Le musée du Louvre regorge de trésors. Parmi eux se trouve une toile du peintre Georges de La Tour : Le tricheur à l’as de carreau. Cette œuvre porte bien son nom puisqu’elle nous donne à voir un courtisan sur le point de perdre sa partie de jeu à cause… de la tricherie des autres joueurs ! Découvrons ensemble les multiples secrets que cache ce tableau.

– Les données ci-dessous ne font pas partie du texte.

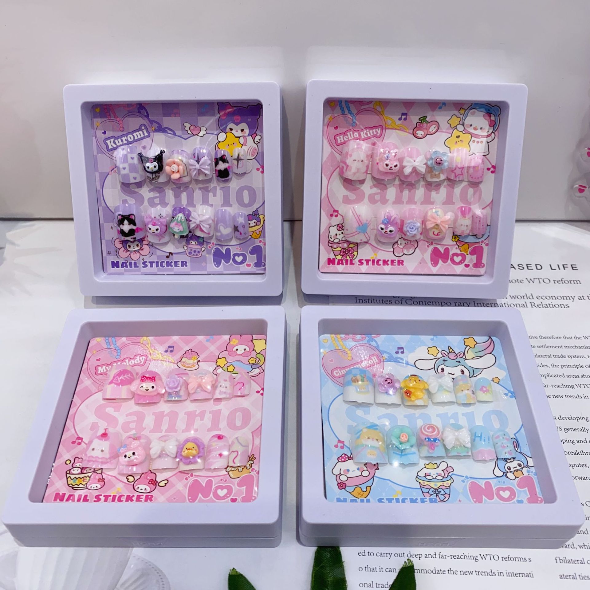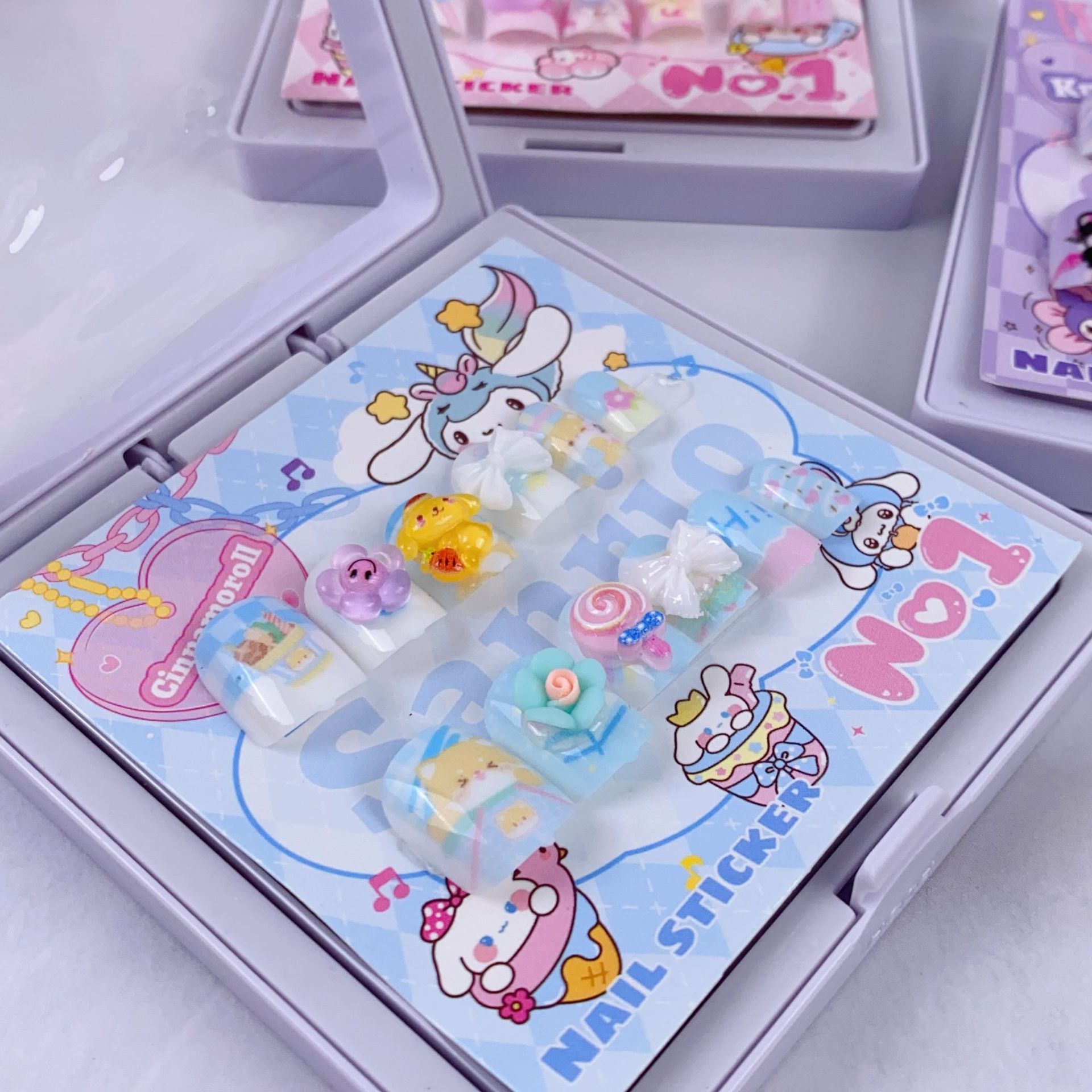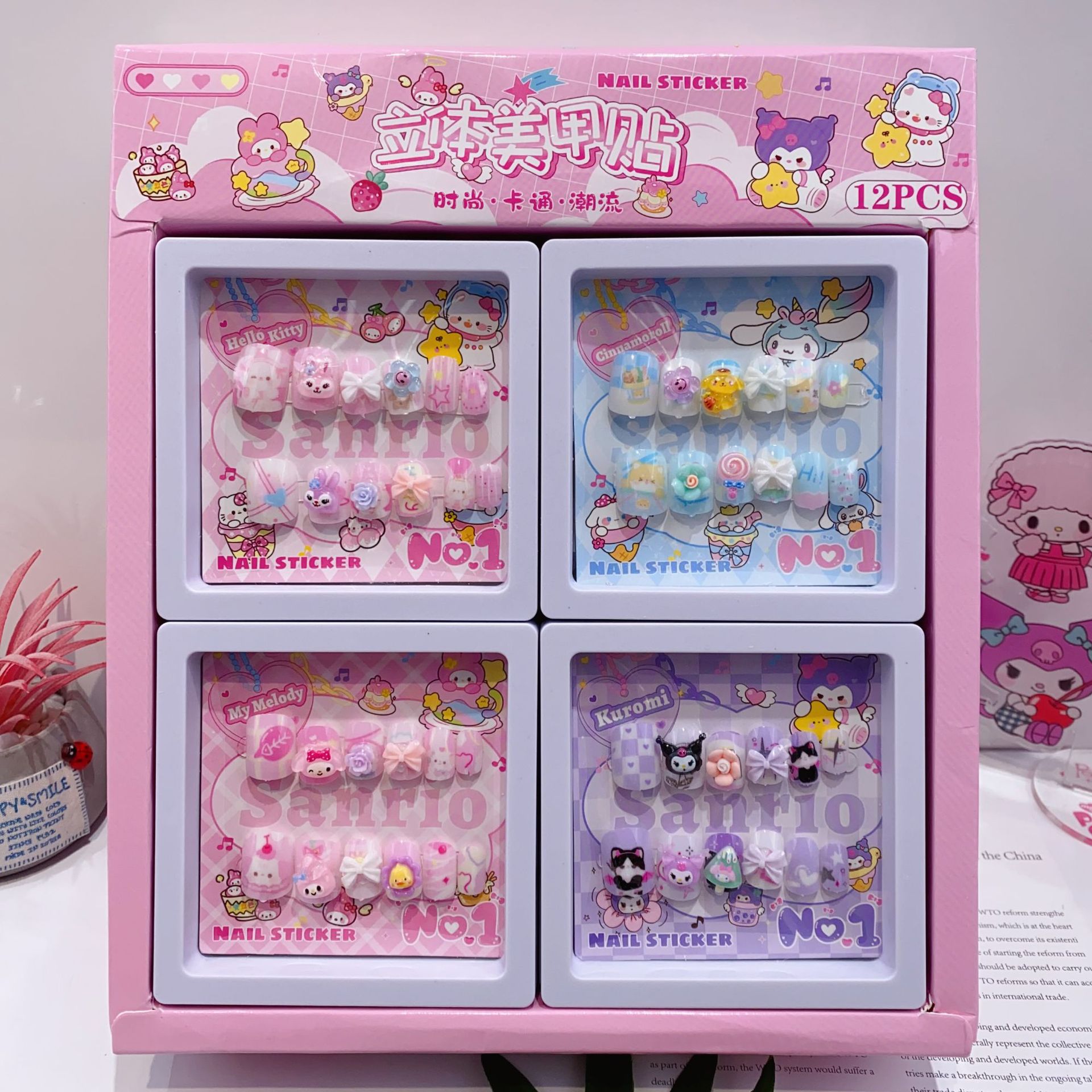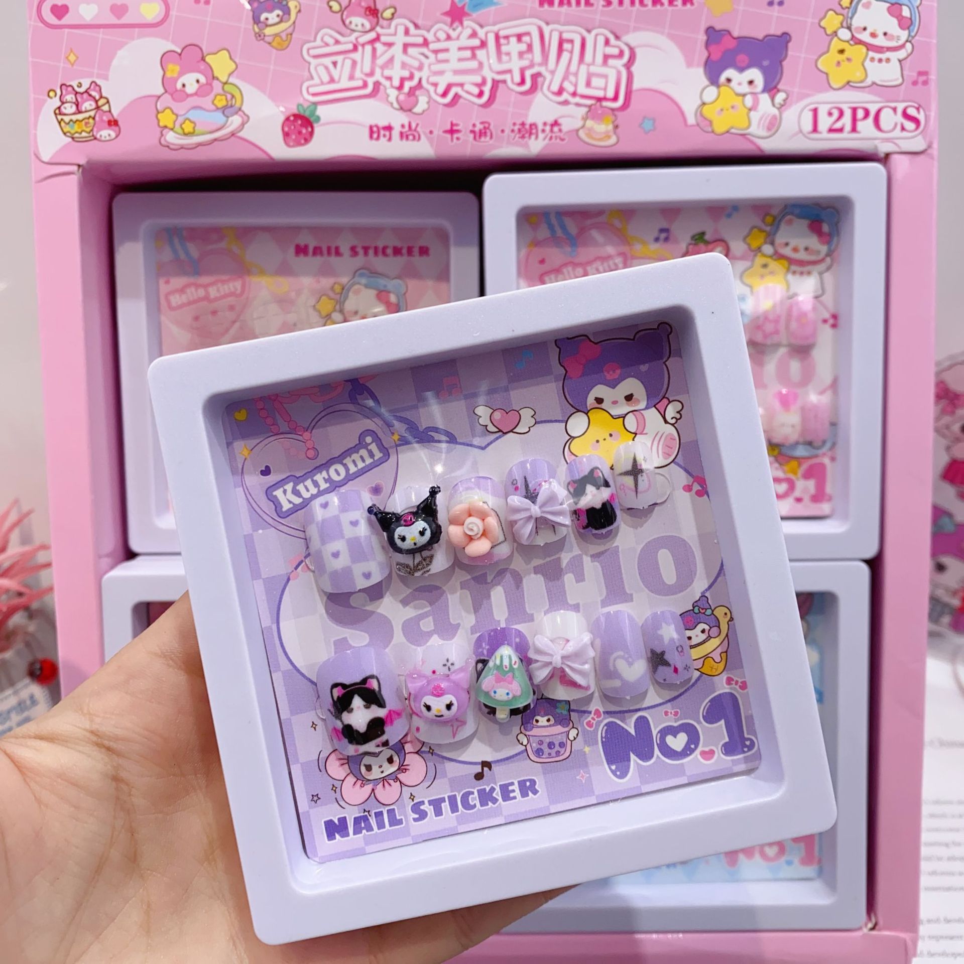 새로운 만화 산리오 3D 입체 아름다운 색상 착용 갑옷 자기 접착 백 접착 네일 스티커 귀여운 소녀의 심장 네일 스티커스토어 가기

Le chef d’oeuvre d’un artiste oublié

Le joueur de tennis Pierre Henri Landry, Paris, janvier 1927

     En 1926, un joueur de tennis du nom de Pierre Landry achète chez un antiquaire de l’île Saint Louis la toile d’un artiste inconnu à l’époque : le Tricheur à l’as de carreau de Georges de La Tour. C’est l’historien de l’art Hermann Voss qui rétablit la notoriété de ce peintre qui fut l’un des plus populaires de son temps.

     Alors qu’il est issu d’une famille de boulangers lorrains, Georges de la Tour décide de suivre des études d’art. Protégé par le duc de Lorraine, sa vie est celle d’un noble fortuné. Grâce à lui, il bénéficie de nombreux privilèges, comme par exemple d’être exempté d’impôts ! Mais le peintre est ambitieux et rêve de faire carrière à la Cour.

     C’est ainsi que Georges de La Tour devient en 1639 le peintre ordinaire du roi Louis XIII. C’est d’ailleurs à cette époque qu’il commence à signer ses toiles, comme le désormais fameux Tricheur à l’as de carreau. Ce statut est un véritable tremplin pour sa carrière. Son succès est tel que la Cour s’arrache ses toiles. Louis XIII va même jusqu’à lui accorder un appartement au sein du palais du Louvre !

Saint Jude Thaddée - Georges de La Tour, vers 1620

La sombre histoire cachée derrière le tableau

Le tricheur à l'as de carreau, Georges de La Tour - vers 1635

     Cette toile nous raconte une sombre histoire : un jeune noble naïf va se faire plumer par des tricheurs aguerris… Le crime se déroule lors d’une partie de jeu, activité alors très populaire au sein de la noblesse française. L’enjeu est important : vous pouvez voir les pièces d’or posées sur la table.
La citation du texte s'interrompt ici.